DDDD: Distributing A Single Bounded Context

In a previous post, I detailed all of the reasons why processing messages one by one with an aggregate root was a good thing. I am now going to contradict some of the main points in that post. While certain aspects still hold true, there is a much larger matter involved.

First, the points that I still consider to be valid:

  1. Don't have threading logic in your aggregate roots. Don't do things with locks, monitors, mutexes, etc. Your domain objects should run on a single thread at a time. They're going to be complex enough as is with business concerns, why add so much incidental complexity related to threading and infrastructure to cloud their intent?
  2. Don't use synchronous calls to services within your aggregates. Send a message to the service. The service will, at some point in the future, publish a message asynchronously back to the aggregate and the aggregate will continue processing.

While messaging patterns easily allow us to distribute the various/different bounded contexts (subsystems) across multiple machines, how do we handle splitting a single bounded context? My initial understanding was to us some kind of partitioning strategy with advanced routing mechanisms. This type of strategy may be overkill for most scenarios.

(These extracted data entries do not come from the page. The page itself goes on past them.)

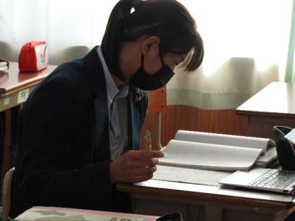 3年1組のMさん。今日は数学の授業で「証明」の勉強をしていました。難問にも粘り強く取り組んでいました。また、Mさんは今夏、柔道で全国大会にも出場しました。文武両道の姿に「きらり☆」ですね。
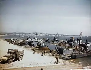 To minimize congestion at Naples, the French forces in Italy, the 1st Motorized Infantry Division and the 3rd Algerian Infantry Division, embarked from Brindisi and Taranto. The 1st Special Service Force and the Commandos d'Afrique embarked at Agropoli. Oran was the secondary mounting port where most of the follow-on French forces were embarked, the exception being the 9th Colonial Infantry Division, which was on Corsica, and was loaded at Ajaccio. Air Force units coming from Corsica were loaded at Calvi and L'Île-Rousse.[48] All ships were loaded and ready to sail on 8 August.[46][47] Hewitt's Western Naval Task Force consisted of 885 ships and landing craft that sailed under their own power with 1,375 smaller landing craft carried on board them.[49]
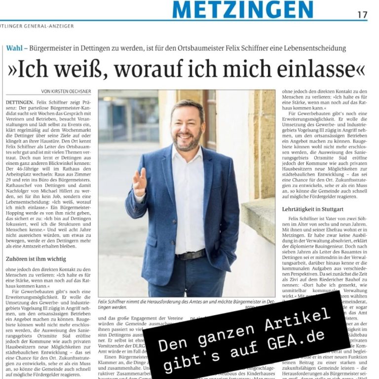 ich kandidiere für das Amt des Bürgermeisters von Dettingen an der Erms, weil sich Dettingen lohnt. Dettingen lohnt sich, weil hier eine Fülle an Menschen leben, die sich an unterschiedlichster Stelle vielfältig und engagiert einbringen. Immer verbunden mit dem Ziel, dass Dettingen eine starke und lebendige Gemeinde bleibt. Das habe ich in den letzten sieben Jahren erfahren, in denen ich hier als Ortsbaumeister tätig sein darf.
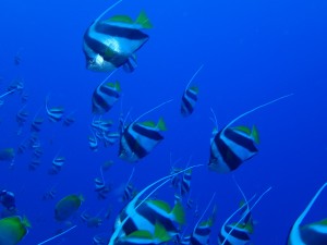 ついに、念願の聟島周辺のダイビングに挑戦することができました! 夢の嫁島「まぐろ穴」は、イソマグロが多く、しかもシロワニを4頭も見る事が でき、正に夢でした。ただ、船酔いがきつくてカメラを持って行かなかったことが 悔やまれます。不覚。
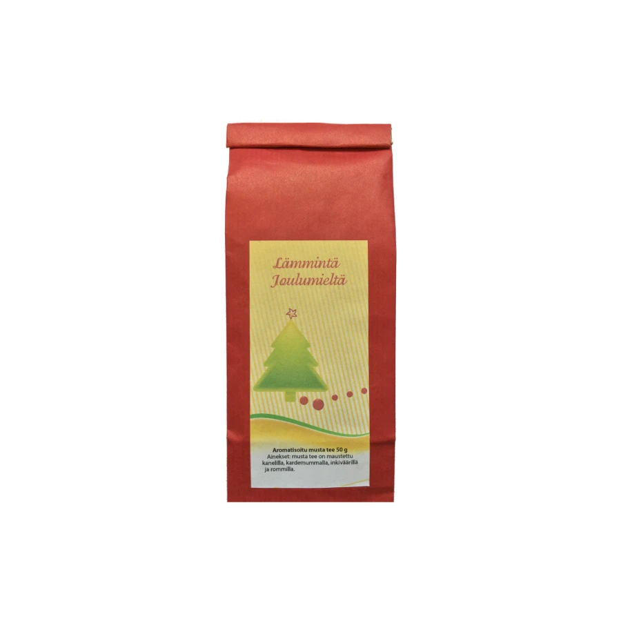 Joulutee omalla etiketillä. Pussin sisällä 50 g aromatisoitua mustaa teetä. Joulutee on maustettu kanelilla, kardemummalla, inkiväärillä ja rommilla. Joulutee voidaan yhdistää muiden tuotteidemme kanssa persoonalliseksi lahjasetiksi. Koko: 17,5 cm x 7 cm, 50 g
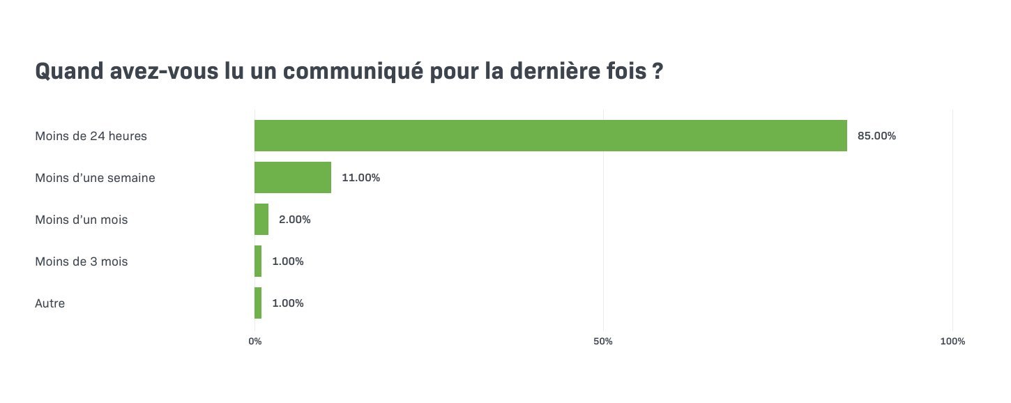 85% des répondants à notre enquête avaient lu un communiqué de presse au court des dernières 24 heures. Plus d'un tiers avaient utilisé un communiqué de presse afin d'écrire un article dans les dernières 24 heures. En comparaison avec l'étude de 2017, l'utilisation des communiqués de presse a augmenté de 8 points. Cela montre une nette augmentation de l'activité des journalistes dans l'utilisation des communiqués de presse.
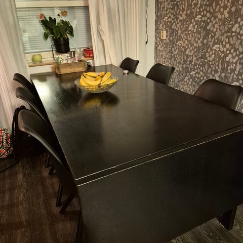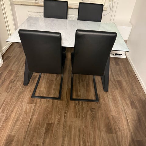 Bord komplet med 6 stolar 5 år gamla, fin skick, med avdragbar stolklädsel och bordet går förlängas till 160 cm, skivan är inbygd , säljs pga flyt.
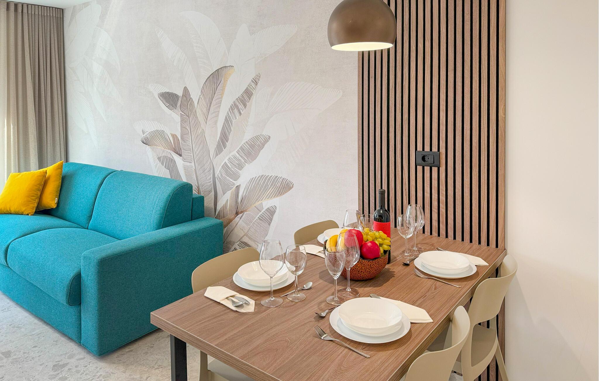 Tilbring en solrig ferie i denne moderne og stilfulde ferielejlighed med adgang til poolen.
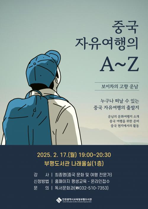 ÀÎõ±¤¿ª½Ã±³À°Ã»ºÎÆòµµ¼­°ü, ¡®¿ì¸®¸¶À» ÀÕ´Ù+Àд١¯ Àι®ÇÐ °­¿¬ ¡®Áß±¹ ÀÚÀ¯¿©ÇàÀÇ A~Z¡¯ °³ÃÖ
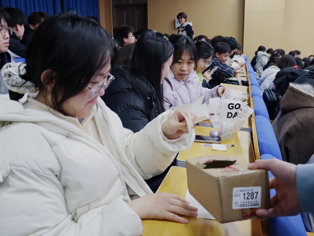活动伊始,现场气氛热烈融洽,同学们积极互动,踊跃参加。活动分为三个环节:首先,女生将自己写下的心愿放到心愿盒中,各位男生分别从心愿盒中随机抽取心愿,并帮助她完成;男生写下祝福语放入盒中后由各位女生随机抽取。随后,进行击鼓传花游戏,音乐停止时手持道具的同学要讲出自己的祝福或心愿。最后,进行你画我猜环节,两人一组,一人比划一人猜。现场笑点不断、欢乐十足,在温馨和谐的氛围中,本次“女生节”主题活动落下帷幕。
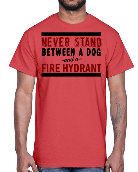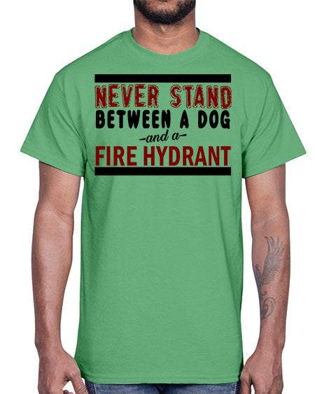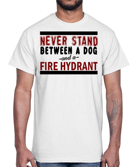 never stand between a dog and a fire hydrant- dogs- Cotton Tee
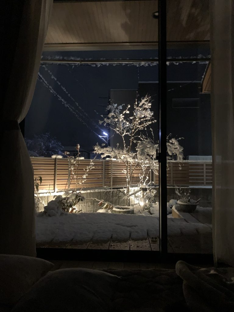 寝室の窓から見える和風の庭に雪が積もる景色は、本当に綺麗です。

The simple answer is optimistic concurrency—sort of. Optimistic concurrency tells us that, while we were working with a copy of an object, the original object has changed underneath us. Greg has mentioned IConflictWith as a way to solve this issue. But there's still something missing. IConflictWith is only designed to deal with *commands* that you send to your domain. When a domain object receives two commands that conflict, it may ultimately reject one or both. Events are another matter. Events happened and must be dealt with—they cannot be rejected.

In a single machine/context environment, things are easy. In fact, it's the simplest thing that could possibly work. The problems that you may ultimately encounter in this scenario relate to fault tolerance/single point of failure and vertical scaling to name a few. For bounded contexts in your domain that require a timely response due to strict SLAs, you absolutely must have some kind of fault tolerance. This requires distributing a single bounded context such that it runs on multiple machines simultaneously.

The big problem running a single bounded context on multiple machines relates to consistency within aggregates. If an aggregate can run on machine A and machine B simultaneously, who's right? Who is "consistent"? They both are. By using messages, we send all appropriate events to the other instance of the bounded context so that it can be made aware of what happened in our instance. But that introduces yet another problem still: what happens if they can't communicate?

If you have two machines, you can virtually guarantee that the network between them will be unavailable at some point in time. But if the network is unavailable, how do we ensure that the events between copies of the same aggregate are handled by the other copies quickly? How can each copy be made aware of the events from the other copies? They can't. At least, not until network connectivity is restored.

Suppose you have geo-distributed your application. One critical bounded context of the application is running on a server in Los Angeles and another copy of that same bounded context in New York. If for some reason that network between them goes down, each piece will continue to operate and service requests. If the network is down for a few minutes, hours, possibly even days, each piece can continue to process and be available.

In the above scenario, what are the chances that each piece may have performed some work that was also performed by the other? What are the chances that each copy has started to diverge from the other? The chances are pretty good—especially as more time passes. How do we handle this? How do we reconcile conflicting differences between two copies of the same aggregate object? Compensating actions.

At some point in the messaging pipeline—perhaps as late as the reporting bounded context—something will detect the anomaly showing that these two aggregate instances have produced conflicting results. Whoever detects the anomaly sends a message back into the aggregate letting it know of the conflicted state. The aggregate would then take the appropriate compensating action in order to reconcile the differences.